The Quantified Communications Blog

  • Jan 28, 2014

    Super Bowl Victory Starts with Words

    By Briar Goldberg and Carrie Goldberger

    January 28, 2014

    You find out life’s this game of inches. So is football. Because in either game, life or football, the margin for error is so small – I mean one-half a step too late, or too early, and you don’t quite make it. One-half second too slow, too fast, you don’t quite catch it.” – Any Given Sunday

    With the Super Bowl just around the corner, sports analysts, Las Vegas bookies and fantasy football die-hards pore over team statistics, commentator analysis, and betting odds, all with the hope of identifying that special something that will bring one team to victory.

    But what if, at the end of a long season, when a team has come so far, the key to securing the Super Bowl ring isn’t hidden in the number of rushing yards or completed passes. What if the difference between winning or losing comes down to the words spoken by the head coach in the locker room before the team even steps onto the field?
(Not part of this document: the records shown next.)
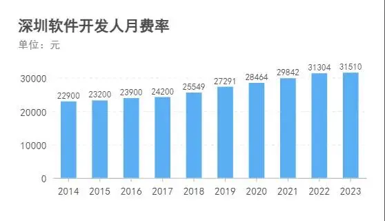 自2014年始,北京、上海、深圳的软件开发人月费率已达到较高水平,超过了三万元。到了2023年,尽管涨幅有所收窄,但它们的发展趋于稳定,依然位居全国前列,彰显了中国软件行业人月费率的高水准。这一现象与当地的经济状况、科技资源的集中以及人才密集度紧密相关。此外,这也反映出这些地区的软件开发成本较高,吸引了大量高端软件企业汇聚于此。
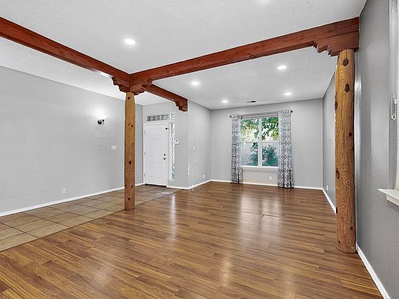 This Southwest style homes, has exposed wood beams that make an architectural statement. Warm yourself this winter by the beautiful gas Kiva fireplace. Enjoy the sunrises and sunsets while you relax on your balcony. The home has a new TPO roof 2023, refrigerated air, new Heaters and 2 new water heaters. When guest or parents visit there is a separate main level bedroom with the full bathroom right next to it. Enjoy the benefits of the solar panels during the warmer months. Storage space, workshop or an area to park your toys this garage is spacious and well laid out. Cooking will be a piece of cake this holiday season, with a double oven, gas cook top and lots of countertop space to spread out. The community has multiple parks, trails, playgrounds and a community pool.
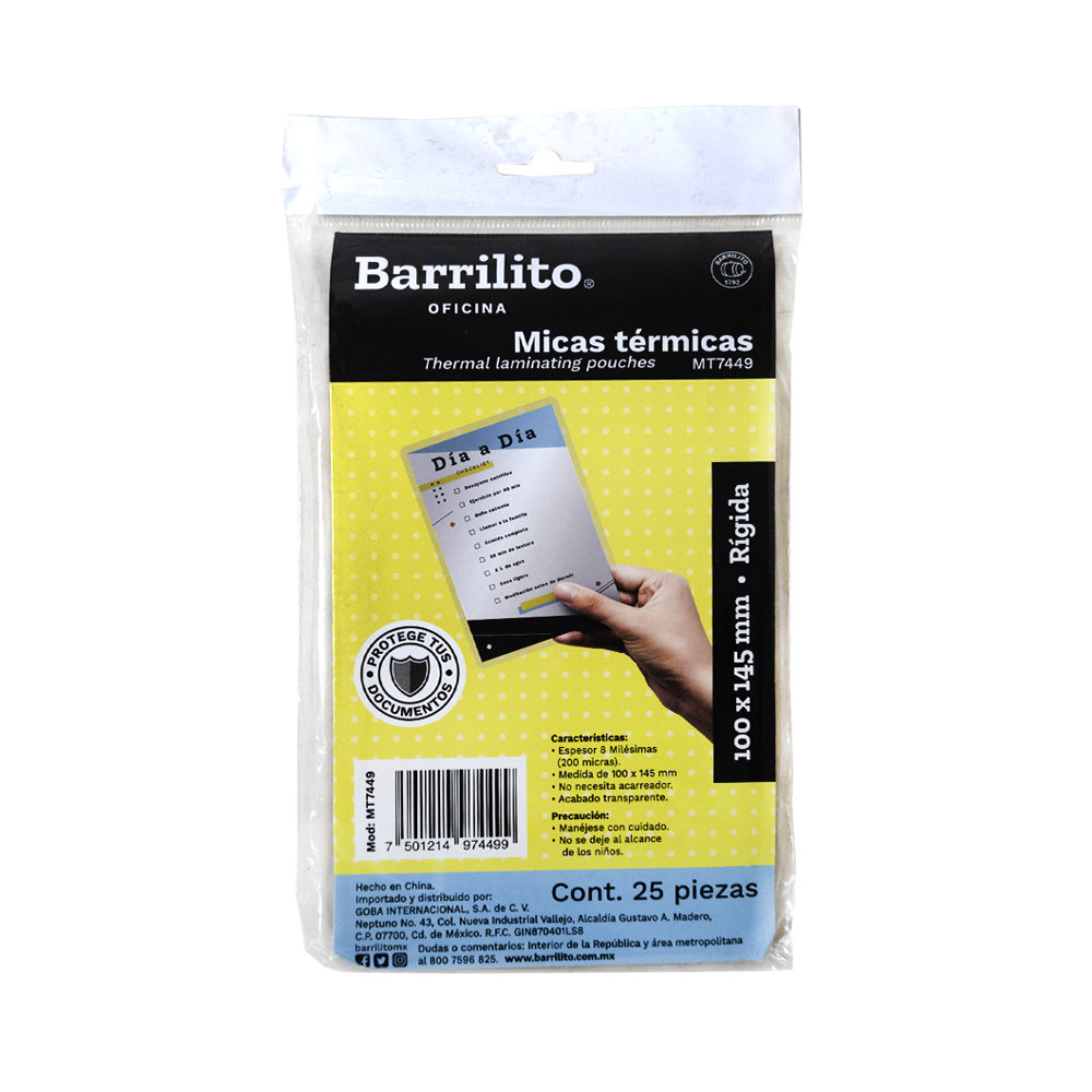 MICA TERMICA BARRILITO MT7447 TAMAÑO ID 6.5 X 9.5 CENTIMETROS 25 PIEZAS
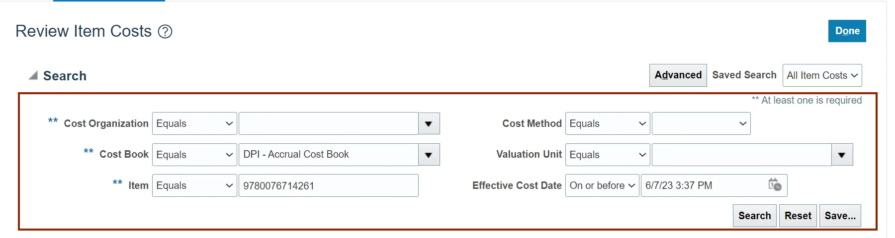 Step 4. On the Review Item Costs page, enter the required details in at least one field marked with [**] in the Search Criteria section and click the Search button.
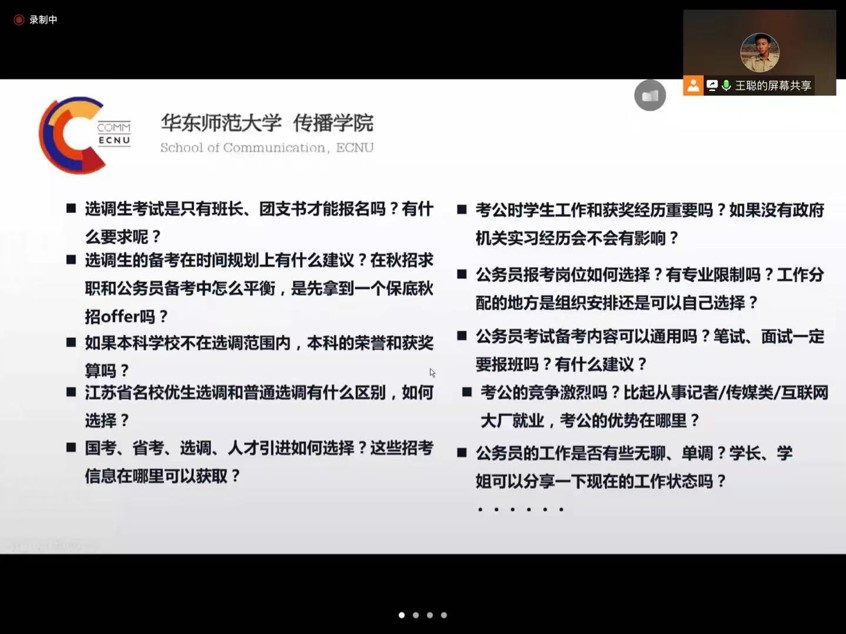 为了帮助同学们深入了解“公务员”和“选调生”的相关就业政策,解答同学们的未知和疑虑,由就业发展中心主办,yl23411永利集团承办的“生涯启航月”活动——传播学子公务员选调生就业经验分享会于2021年11月2日晚在yl23411永利集团115室举行。本次分享会以线上的方式展开,邀请到三位有成功经验的学长学姐为大家分享求职经历、就业经验和入职感悟。共有60余名同学参加本次分享会。
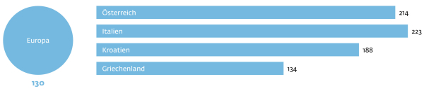 Hinzu kommen dann noch mehrere Kurzreisen von unterschiedlicher Dauer im Jahr. Die Balkenlänge gibt den Indexwert zum Schnitt der Bevölkerung an (100%):
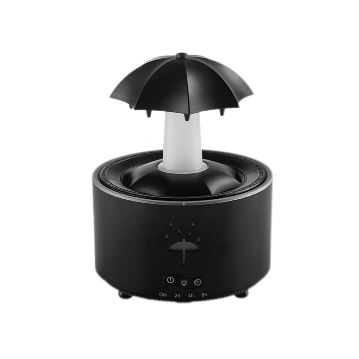 アロマ加湿器 レイン加湿器 傘ディフューザー 傘型加湿器 インテリア 加湿器 リモコン付 タイマー設定 家 装飾用 読書 瞑想 個人用 寝室 部屋 コンパクト 乾燥対策 床置き ブラック お手入れ簡単

    It happens in the movies all the time. The underdog team faces its toughest enemy, convinced they’re going to lose until the coach, the fearless leader, gives the speech of his life, inspiring the team who, of course, go on to win the big game.

    If those locker room speeches are as powerful as Hollywood makes them out to be, then the coach with the greatest oratory power will be kissing the Vince Lombardi trophy come Sunday night.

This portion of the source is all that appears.